だけどそれは利成の都合のいい言い訳じゃないだろうか・・・?と咲良は思った。

「目の前の一瞬・・・今の私がやりたいことや知りたいことは何だろう・・・利成が誰といつ関係を持って・・・それを知って裁判官のように決断を下すことだとしたら・・・一体なんの為だろう・・・そう考えてみたら、確かに過去の経験から利成を見て、未来の自分の安息のために相手を裁こうとしてる・・・」

「・・・・・・」

「咲良さんはまだ若いからわからないかもしれないけど・・・ここまで来てね、あるかもわからない未来のために、この一瞬をそんなことに費やしていいのかな・・・もっとやりたいことや、心残りなことがあるんじゃないかなって・・・そう思ったの」

「・・・・・・」

「・・・利成が怪我をした時、咲良さんにきてもらってたでしょ?」

「あ、はい・・・」

「咲良さん、私のこと怪訝そうに見ていてね・・・」と明希が少し笑った。明希は咲良の思いに気が付いていたのだ。

「でも少し意地悪もはいっちゃったのかな・・・」と少し思い出すように明希は視線を壁の方に向けた。

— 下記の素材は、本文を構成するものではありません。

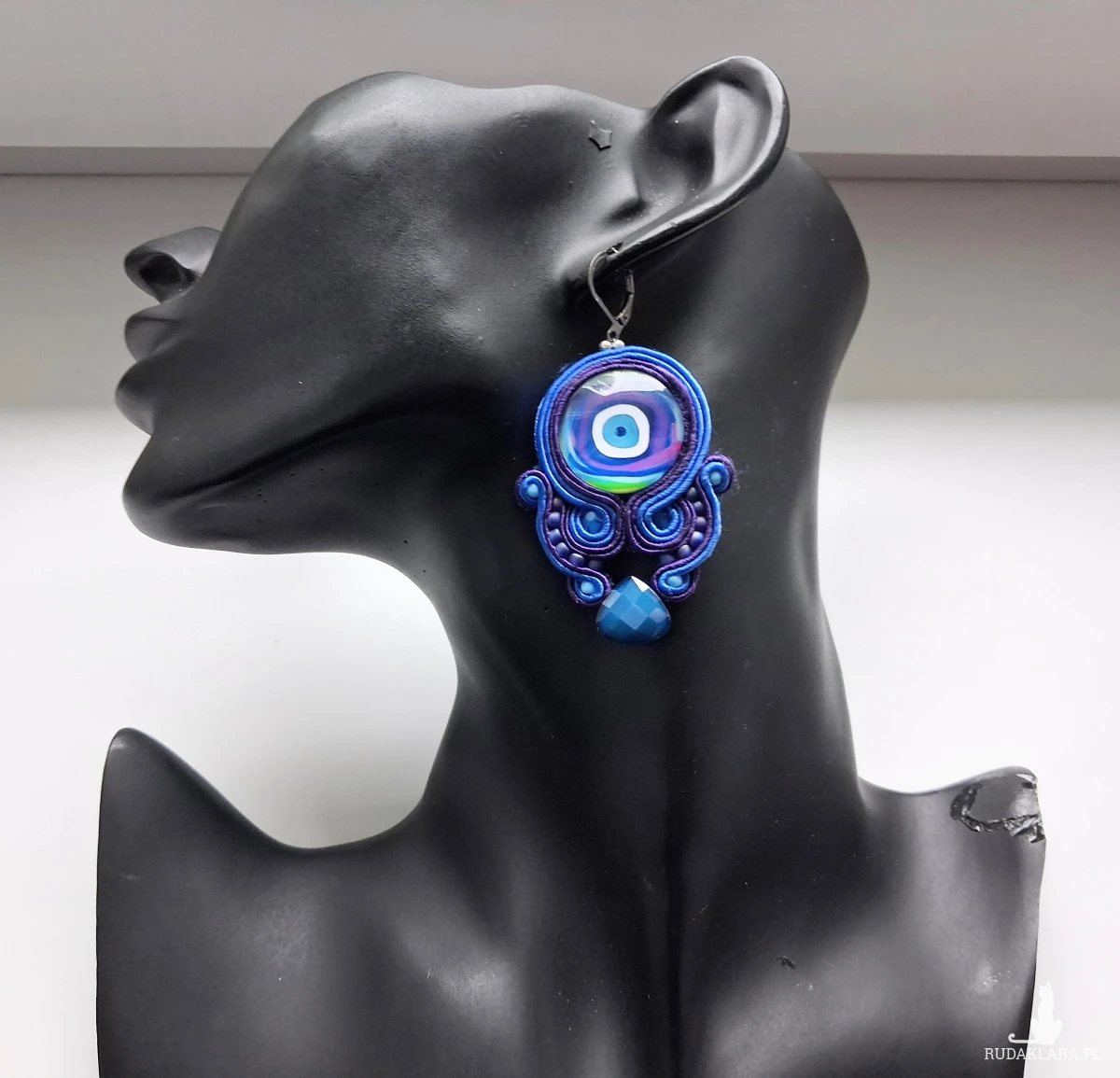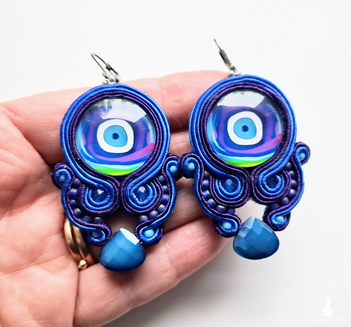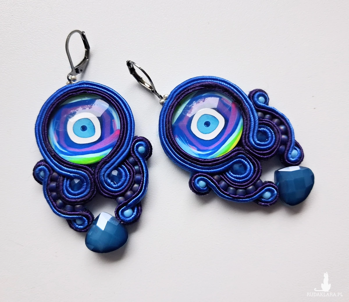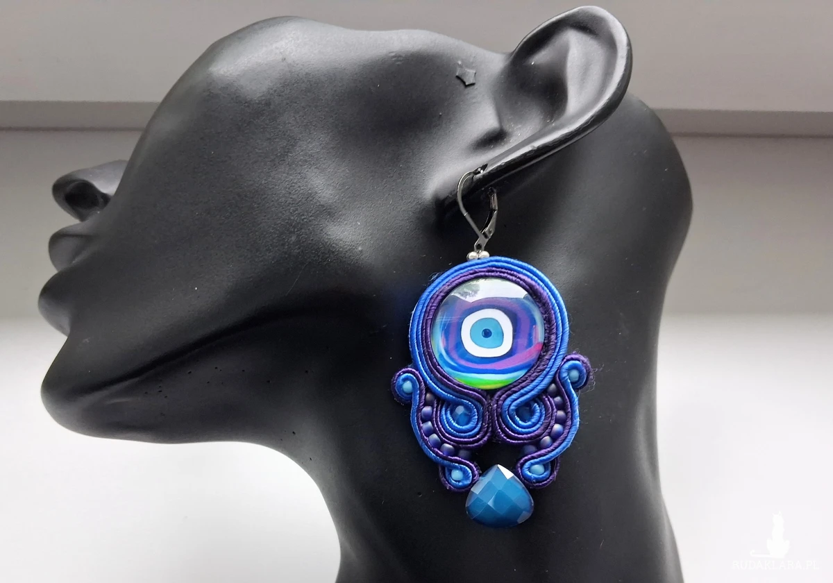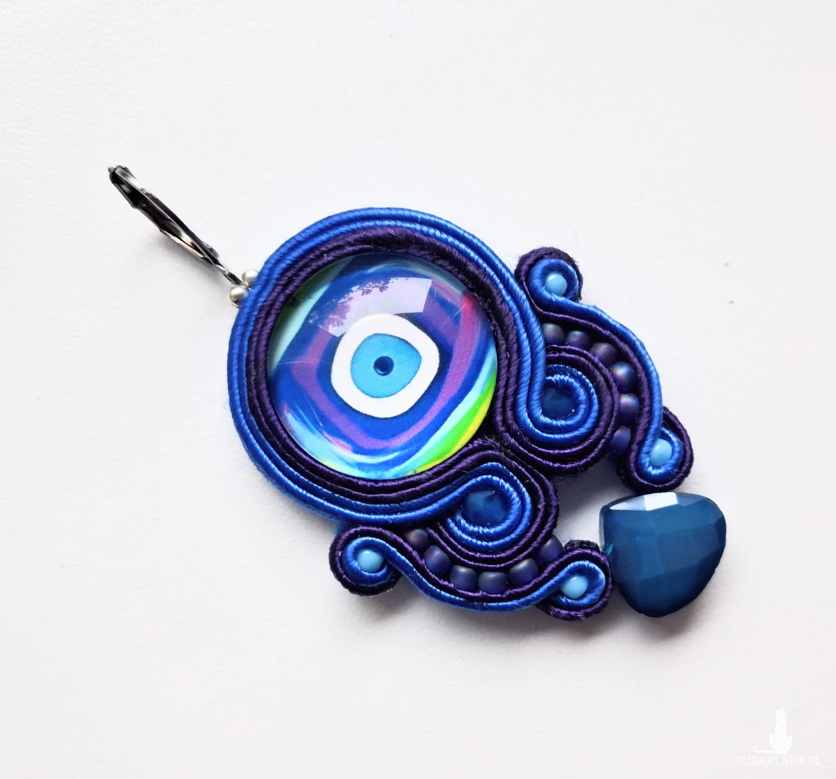 Materiał: sutasz, kaboszon z nadrukiem, japońskie koraliki Toho, Fire Polish

「咲良さんがね、まだまだ思いを残しているように思えて・・・というか、私もそういう経験者だから咲良さんの思いもわかったっていうか・・・。でも、もちろん私は利成と別れる気はなかったし、利成もそういう気はないわけで・・・。利成は私のこと愛してくれてるってわかってたしね・・・。だからといって咲良さんの為だけに、あの時頼んだわけじゃないのよ。咲良さんは気が付いてたと思うけど、私ね、他にも好きな人がいるのよ」

「え・・・?」

俄かには信じられない咲良は、驚いた表情で明希の優しい微笑みを見つめた。

「あ、元彼じゃなくね・・・利成と昔バンド組んでた時の人の一人で・・・年下なんだけど・・・この家に引っ越す時も手伝ってくれて・・・奏空が生まれてからも時々手伝ってくれてたの。彼はまだ独身なんだけど・・・あ、つきあってたわけでも身体の関係があったわけでもないのよ」

「そうなんですか・・・」

「うん、利成のこと責められない自分だって気が付いたわ・・・すっかり自分のことは棚に上げてね、利成のことばかり責める気持ちだったの。利成は気づいてて一度もそんな私を責めたことはなかったのに・・・」

「・・・・・・」

「”思い残したことを消化(昇華)する”まず、これをやろうって・・・思って・・・。それで咲良さんに利成を預けてその彼のところに行ってたのよ」

「じゃあ・・・天城さんはそのこと知ってたんですか?」

「多分ね・・・知ってて黙認してた。それと咲良さんは利成を求めてたでしょう?私も昔元カレの時にそうだったからわかったのよ」と明希は少し楽しそうに肩をすくめた。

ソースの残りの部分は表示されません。